She says, "Uh..." He doesn't repeat the question - instead, she hears a burst of electronic noise that seems to overwhelm every other sense. For a moment she can't see - even the warmth of the sunlight on her arm seems to go away. She's dizzy. 

She's sitting on the floor, which is soft with fibre. Carpet. There's an object dangling on a string beside her. it's not entirely unfamiliar, but she can't remember its name. It's beeping. She doesn't think it's meant to be beeping and she doesn't like the noise. As she looks at it, she can see how it matches the shape of another object that's on the surface where the cord ends. Table. She fits the two objects together. The beeping stops. That's good, but she doesn't know what to do next. She doesn't know where she is. 

She thinks she might have fallen asleep. But she was sitting, not lying down. Usually she lies down to go to sleep. But sometimes people fall asleep without lying down. Don't they? She doesn't know how to reach a conclusion about this. What she needs is another person to answer her question. 

There are open doors to several other rooms on this level, but there are no people in them. She goes to the stairs, and hesitates. She has a feeling she's not supposed to go up the stairs without being told to, but there is no one there to tell her, so she has to tell herself. She likes this thought. She goes up the stairs.

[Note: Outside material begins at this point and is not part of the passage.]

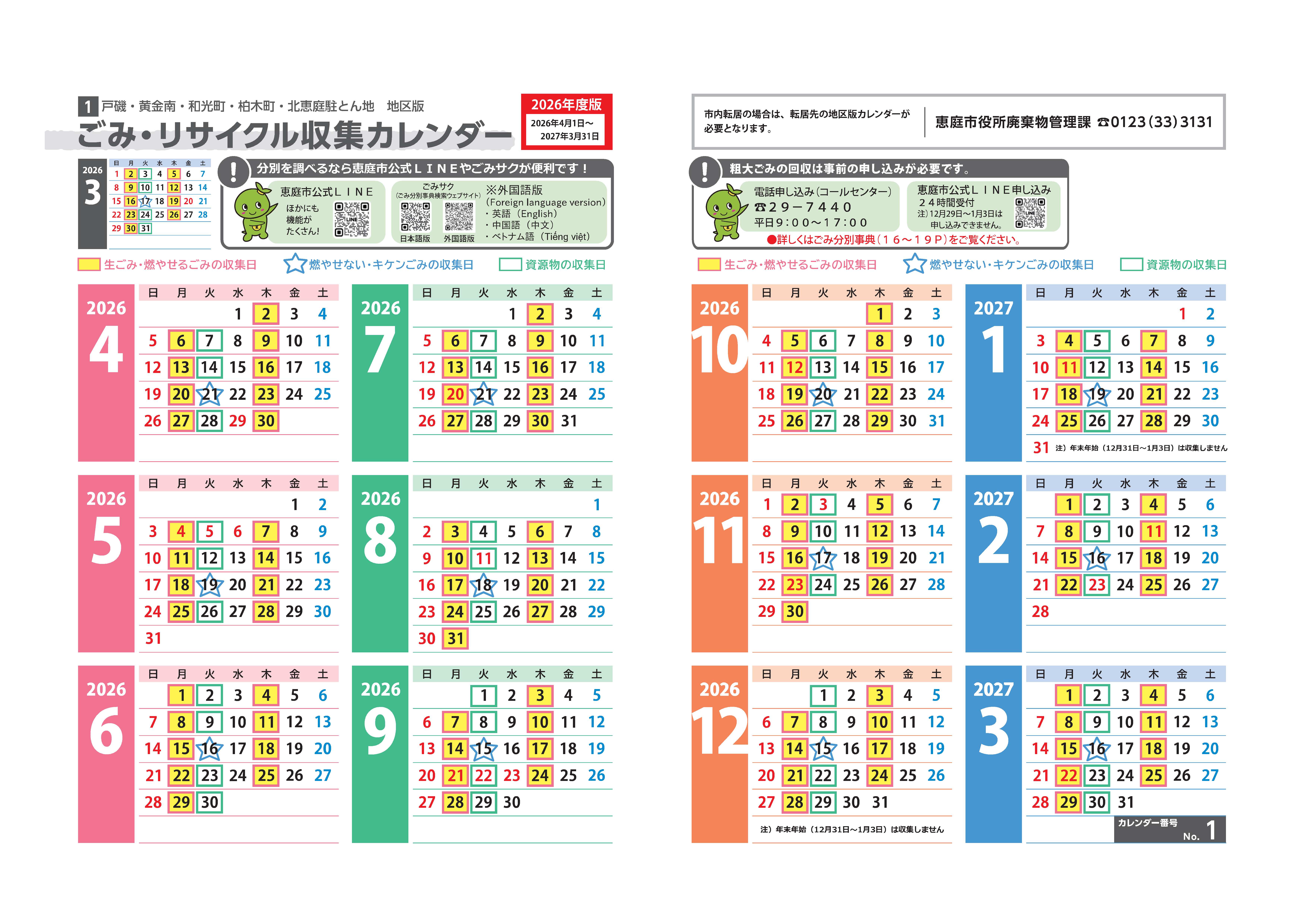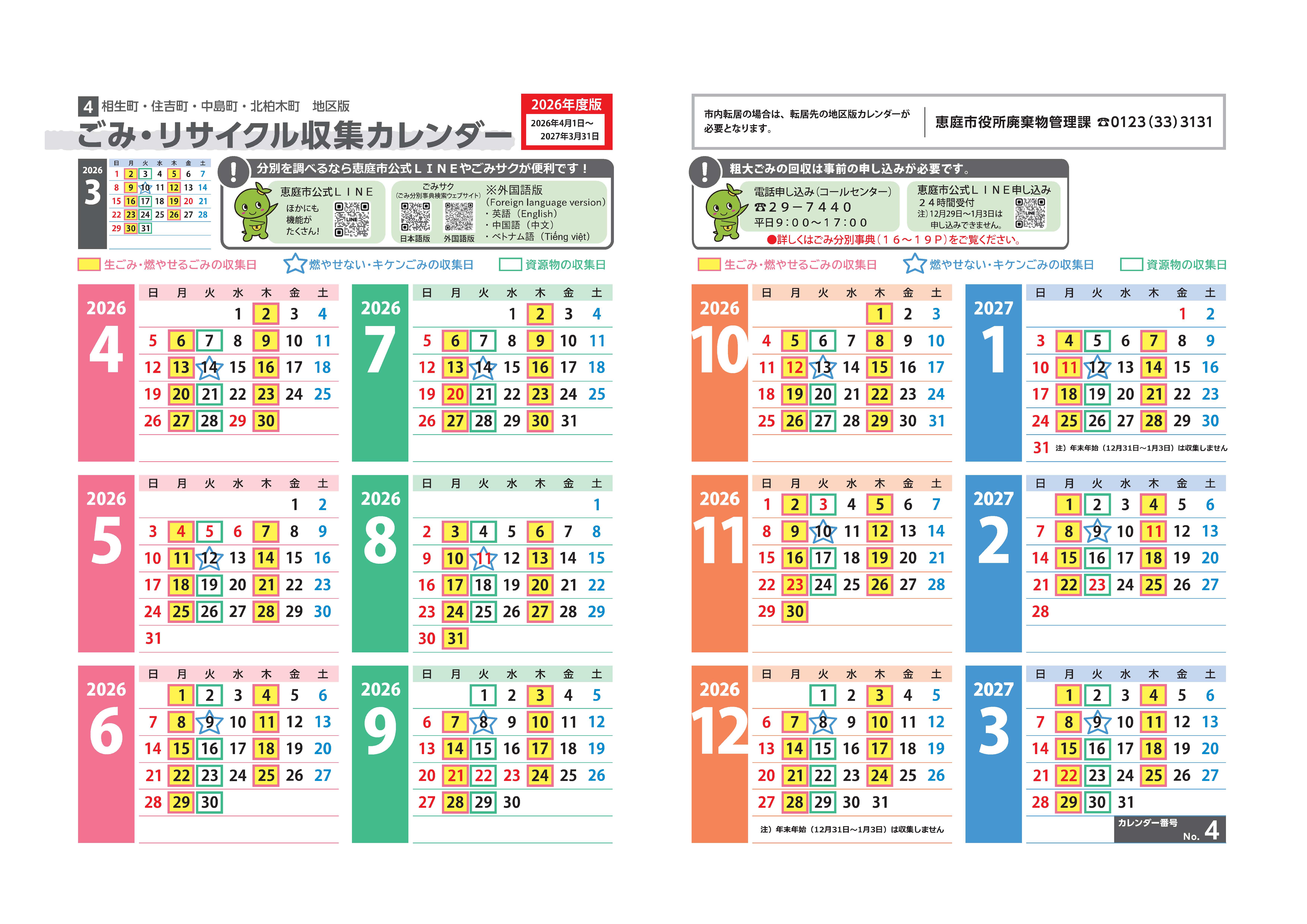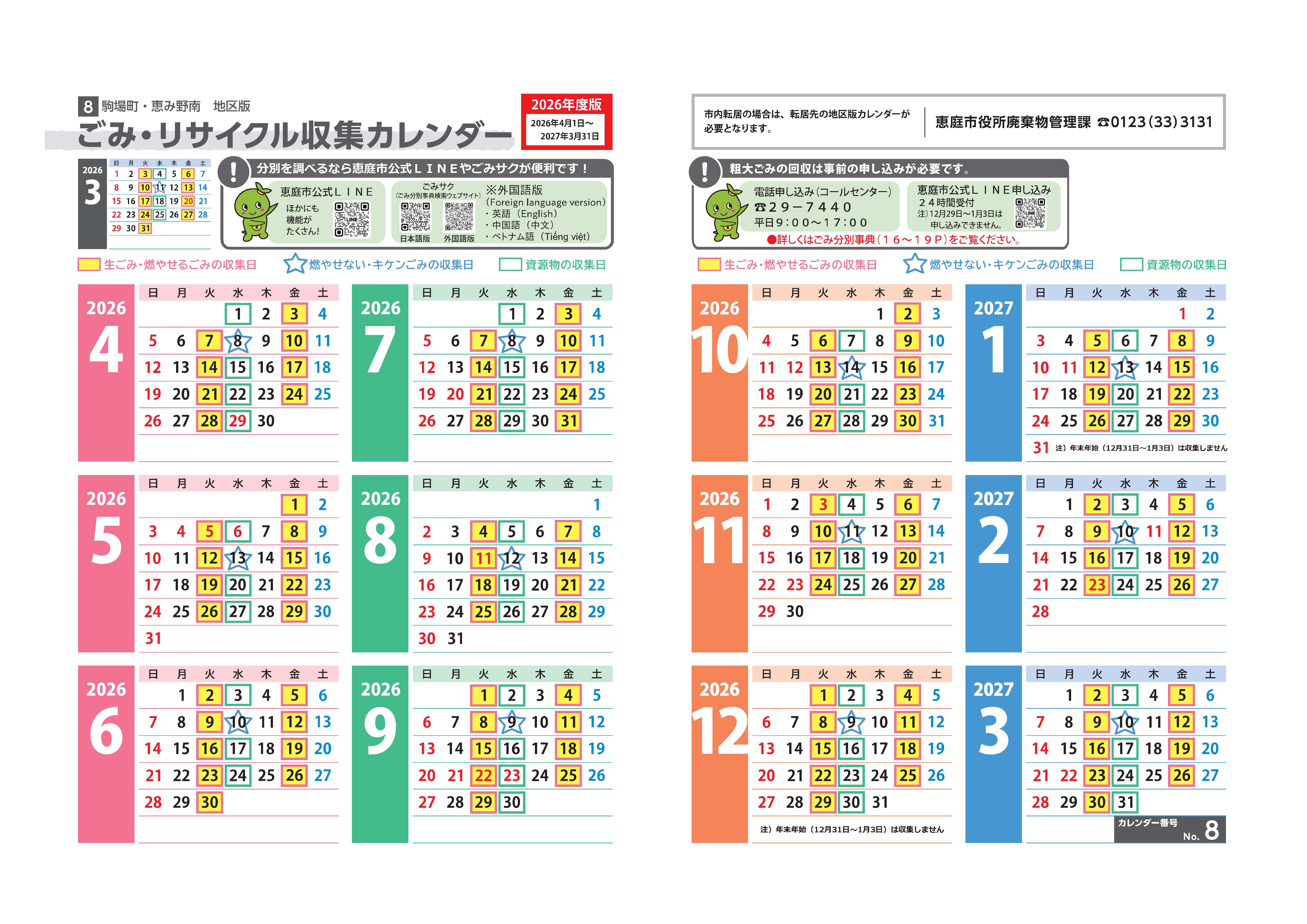 令和8年度(2026年度)版各地区ごみ・リサイクル収集カレンダー

There is no one behind the first door. When she approaches the second one, she hears laughter. There are people here, then. But she remembers that she isn't supposed to open closed doors with people behind them. Is she supposed to knock? She can't remember. She decides to wait for the people to come out. She remembers someone asking her: are you in pain? Are you tired? Are you hungry? Are you thirsty? Do you need to use the bathroom? She answers for herself again: she isn't in pain, she just woke up. She's a little thirsty. Everything else is fine. She goes back down the stairs, and gets herself a glass of water. She sits on the divan. It's more comfortable than the floor. If she wants to go to sleep again she will go to sleep here.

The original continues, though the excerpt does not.